The Problem With Health Care In America In A Nutshell


This passage from an Associated Press article about wildly disparate prices charged by hospitals for the same treatments and procedures sums up in a nutshell the entire problem with health care in America:

There are vast disparities nationally. The average charges for joint replacement range from about $5,300 at an Ada, Okla., hospital to $223,000 in Monterey Park, Calif.

It’s not just national or even regional geography. Hospitals within the same city also vary wildly. In Jackson, Miss., average inpatient charges for services that may be provided to treat heart failure range from $9,000 to $51,000, the Department of Health and Human Services said.

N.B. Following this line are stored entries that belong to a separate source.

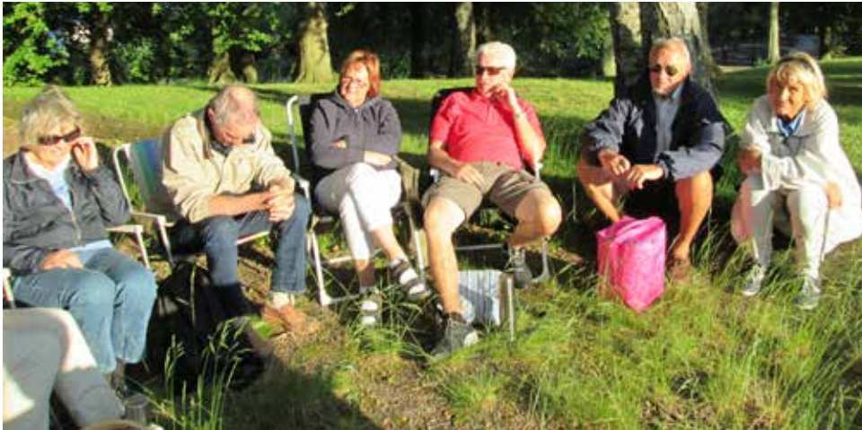
Laholms stadspark 28 maj. I år började onsdagsresorna tidigt, men vi hade ju också en mycket vacker och varm vår. På bilden kan ni se ett antal solnjutande HFV-are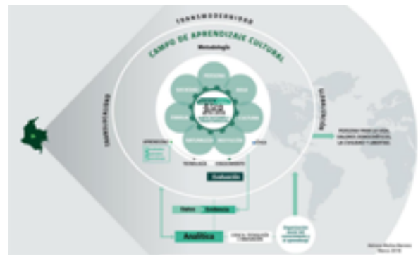
Figura 4. Campo de aprendizaje cultural

para el aprendizaje, por lo tanto, deben ser intervenidos por la institución para que, de esta manera, se refleje en actos o comportamientos que mejoren la vida, fortalezcan los valores democráticos, la civilidad y la libertad.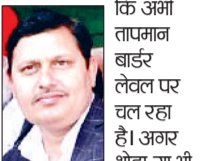
सिरसा। चुरापोस्त सहित पकड़ा गया आरोपी।

Hospitals usually receive less money than they charge, however. Their charges are akin to a car dealership’s “list price.” Most patients won’t be hit with these bills, because they are paid by their private insurance, Medicare or Medicaid at lower rates. Insurance companies routinely negotiate discounted payments with hospitals.

Is there any other place in the market place where an item might cost as much as 40 times more in one place than another? Obviously, prices vary from place to place. Things like geography, seasons and the type of product or service being purchased all have an impact. But prices for things like books and food don’t vary as wildly as the price of a joint replacement. Not with modern shipping capacity and online shopping.

So what gives in the medical markets? The answer lays in the bolded sentences above. Most Americans aren’t the direct customer for their health care.

Most Americans are covered by some sort of comprehensive health insurance plan, provided either by an employer or the government. Americans don’t shop around for the best price in health care because, unlike with books or food or cars, they aren’t paying out of pocket. The bulk of the cost gets passed on to insurance companies who may or may not negotiate the price.

Further complicating the market is that most Americans aren’t even the customer for their insurance plans. The third party who is providing the plan is the one who choose it, and also picks up a chunk of the cost.

Because of these layers of disconnect between American patients and the cost of their health care, huge and unnecessary inflation in health care costs is possible. Even hospitals that operate in the same city, as the article notes, can get away with overpricing one another by thousands or even tens of thousands of dollars because the patients aren’t really paying attention to the bill. Because it just gets passed on to other people.

The patients pay ultimately, to be sure, through higher co-pays and higher premiums, but by then they’re blaming the insurance companies and the employers (who are, to be fair, often not without blame).

Can you imagine Walmart charging 40 times more for a CD or a bag of potato chips than Target? Can you imagine a Chevy dealer charging 30 or 40 times more for a pickup than a Ford dealer? Of course not. That would be ridiculous. People shop for the best prices on CD’s, potato chips and cars.

But not health care. In the health care markets the ridiculous is possible because we have a third-party health insurance system which disconnects the consumers of health insurance services from the cost.

And not only does Obamacare not address this, Obamacare makes it worse by inserting more layers of bureaucracy and regulation between the patients and the cost.

Want health care costs to come plummeting back down to earth? Promote policy which makes health insurance an individual responsibility, and health care an individual cost.